The proposed legislation largely functions the same from state to state. Testa said the listed disorders affect people’s ability to plan, think through consequences and perceive reality. The defendant can be diagnosed before or after arrest, but the disease must be shown to have been active when the crime was committed.
Once deemed competent to stand trial, defendants suffering from one of the disorders listed by the legislature could raise the issue at a pretrial hearing, where a judge would decide whether they qualify for protection from the death penalty if convicted. If the judge says no, the defense could raise the issue again at trial, and a jury would likely decide the matter. Those found to have a serious mental illness could still face life in prison if guilty, but would avoid the death penalty.
Opposition From Prosecutors
Many of the prosecutors who have spoken out against the bills said there are enough legal options and Supreme Court precedents to protect people who have a severe mental illness.
For example, people who do not fit the legal definition of insanity and are found guilty of a capital crime can try to avoid the death penalty at sentencing by presenting their mental disorder as a mitigating factor.
“The jury and the judge, when they impose a sentence, will take that into account. It’s not something we ignore under current law,” said John Murphy, executive director of the Ohio Prosecuting Attorneys Association.
But mental health professionals and defense attorneys say bias against the mentally ill means evidence intended to convince a jury to reduce a sentence may have just the opposite effect.
“The law says mental illness is a mitigating factor but unfortunately some jurors who are weighing the case don’t see it that way,” said Testa, the psychiatrist. “They think, ‘This person’s brain is this way and they’re never going to get better.’ ”
Critics of the bills also complain that they don’t address the severity of the illness, which they say could allow a wide range of people to seek the protections they provide.
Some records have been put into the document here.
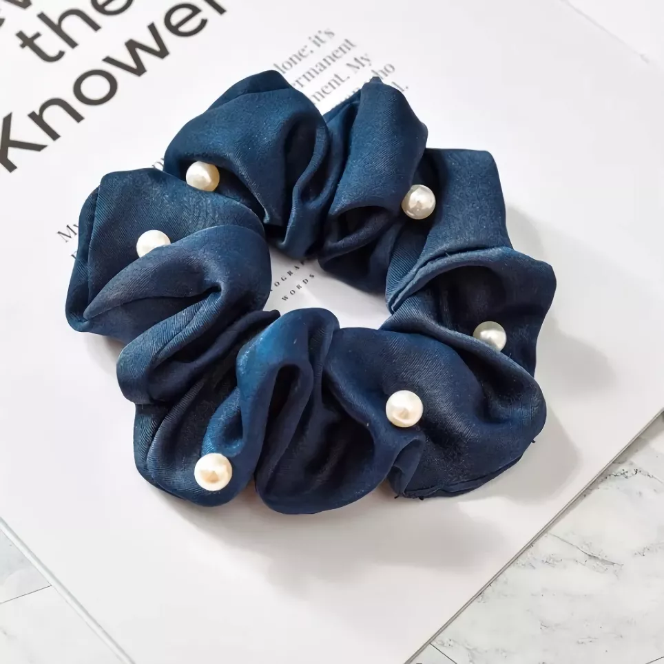 Satin Silk Pearl Hair Scrunchies – Stylish Elastic Hair Accessories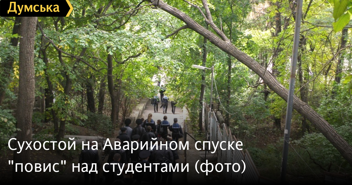 «Здравствуйте, меня зовут Сергей. Я студент строительной академии (ОГАСА, архитектура). Мне хотелось бы написать про Аварийный спуск (лестница) ведущий от улицы Балковской к строительной академии (ОГАСА) и морской академии (ОНМА) на улице Дюковской. Я наблюдаю это аварийное дерево уже полгода, а может и год. Вот не выдержал и написал вам. Хотелось бы, чтобы это дерево СПИЛИЛИ. Так как по этой лестнице в день ходят не меньше 200 человек в день: студенты, женщины, мужчины, мамы с детьми и пожилые люди».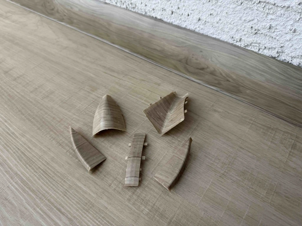 Vnitřní roh Parma umožňuje snadné a estetické spojení podlahových lišt v rozích místnosti a vytváří plynulý přechod bez viditelných nedokonalostí.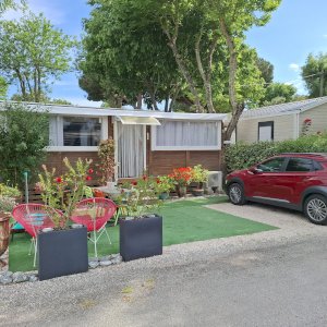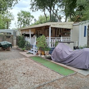 A vendre Mobil-home IRM Emmeraude 2Ch de 2014 sur parcelle de 150m2 N° 91-92 de 10.50mx4m avec canapé d'angle dans séjour et four, plaque induction, frigo, terrasse entièrement fermée et isolée de 9mx3m equipée d'un frigo américain, 1 LV, Plaque de cuisson + table et chaises A l'extérieur terrase dallée, barbecue aménagé + coffres de rangement ... Disponible à partir du 01/08/2025 Voir Conditions avec la direction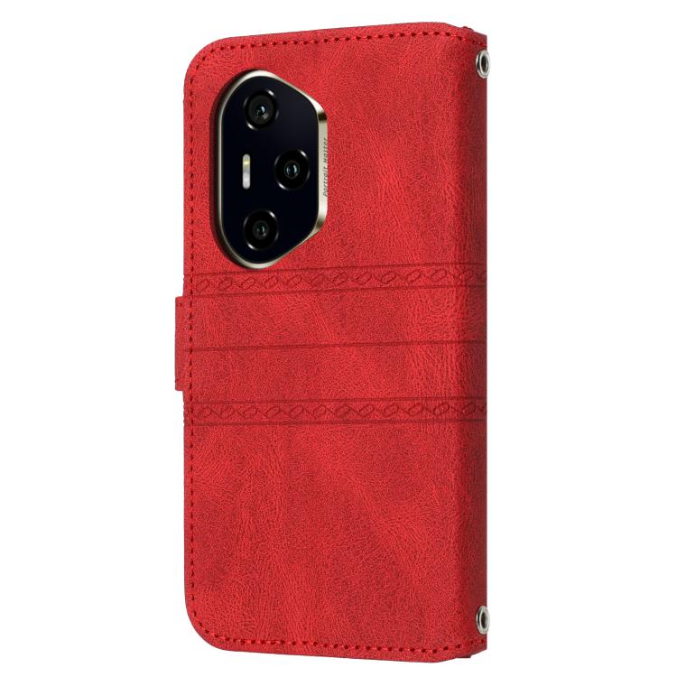 Funda de Cuero con Textura y Rayas en Relieve para Honor 300 Pro 5G/300 Ultra 5G (Rojo)
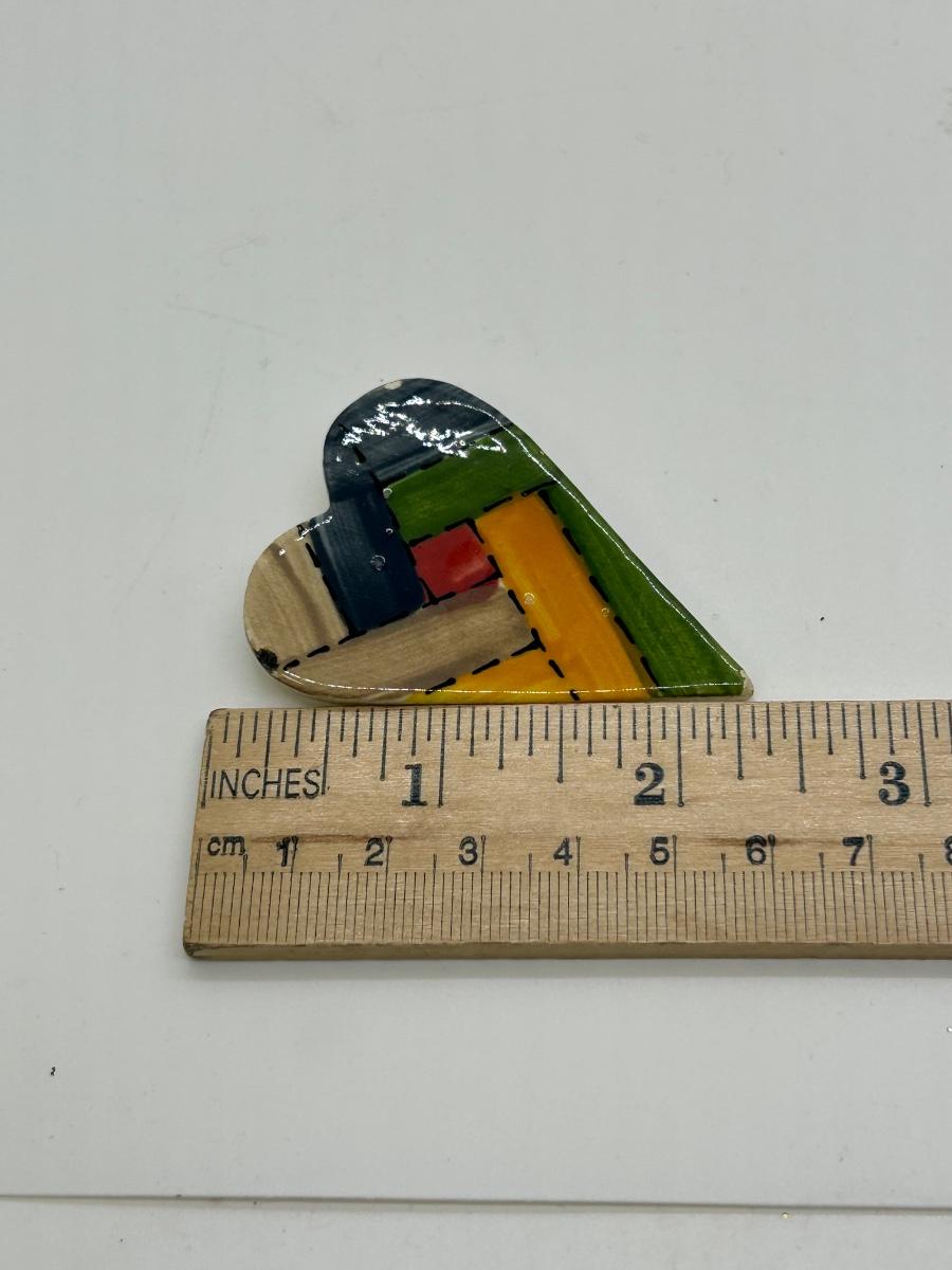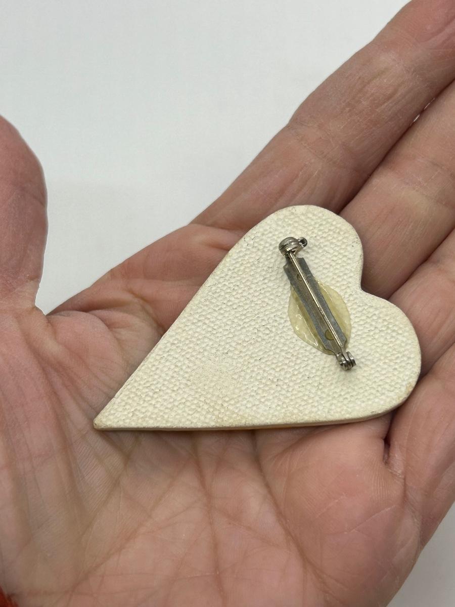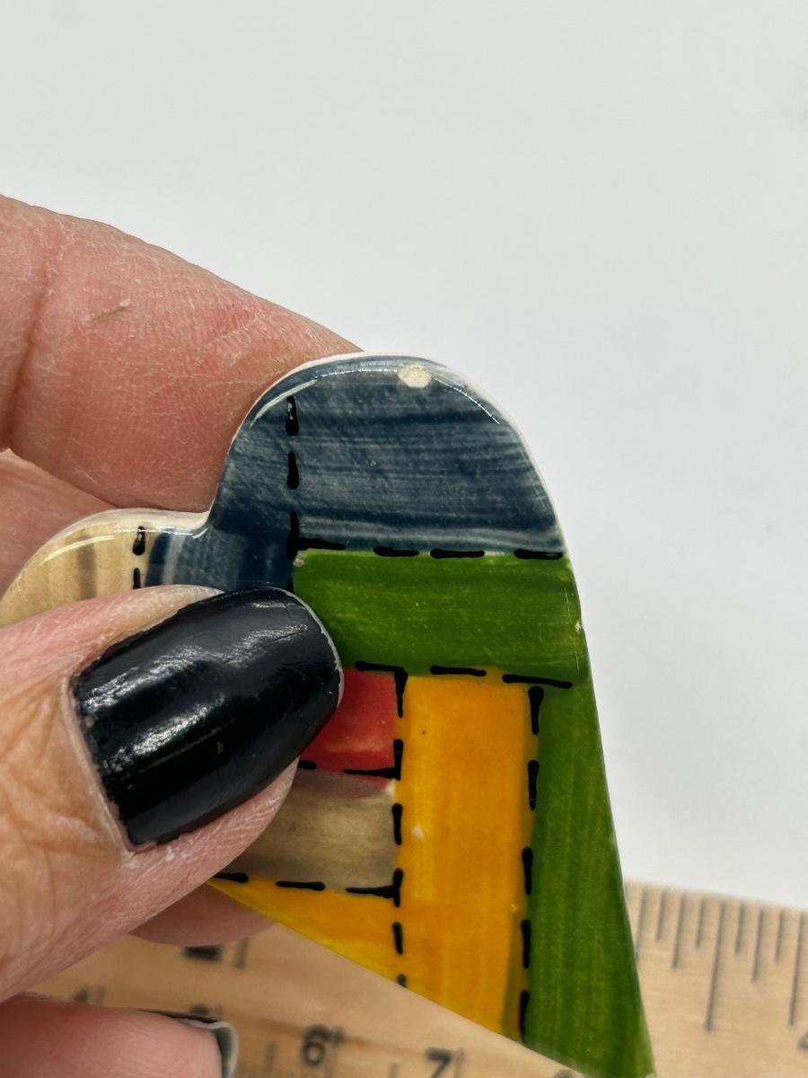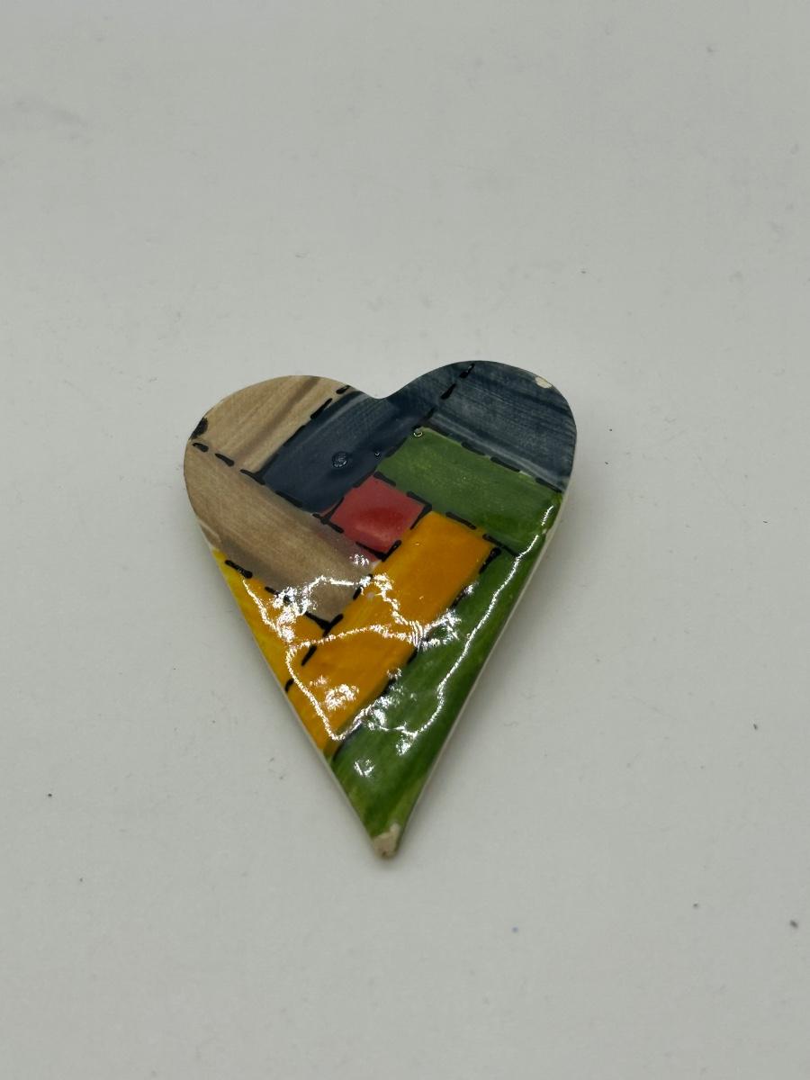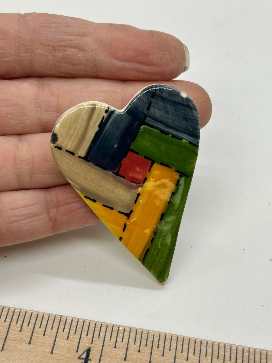 Retro Ceramic Patchwork Pattern Heart Shaped Pin. In good condition. Tiny chip along top edge could be touched up with paint or even marker if desired. A little over 2" size.

“We will not be surprised if every single inmate now on death row files a post conviction petition to be evaluated for mental illness so they can take advantage of this process to get off death row. Why wouldn’t they?” Murphy said in written testimony to the Ohio Senate Judiciary Committee in March. “All they need do is get a diagnosis of one of these conditions, even at the most minimal level.”
In her 2006 plea from the bench for a state standard for sentencing people with mental illness to the death penalty, Lundberg Stratton acknowledged it would be a challenge. Mental illness differs from intellectual disability in that there’s no equivalent to an IQ score to easily determine the severity of a mental illness, she said.
But psychiatrists say anyone with a disorder covered by the bills has a severe mental illness. As some conditions, like bipolar disorder and depression, become more widely accepted by society, people may underestimate how serious they are.
“People are called bipolar because they have a mood swing,” Testa said. But getting diagnosed with any of the covered diseases requires experiencing life-altering symptoms for a long time.
Prosecutors also don’t want the burden to be on them to prove that a person wasn’t suffering from a severe mental illness at the time of the crime.
“I don’t know how we’re supposed to show what was in his own mind and how it affected his judgment,” Murphy said. “It seems virtually impossible.”
Kari Bloom with the Office of the Ohio Public Defender said the burden the bill places on prosecutors is just.
“If we want to execute a person in the state’s name, it doesn’t seem like a lot to say, ‘This person wasn’t suffering from a serious mental illness,’ ” she said. “The state should have the decency of showing every person we take to death is the right kind of person to be there.”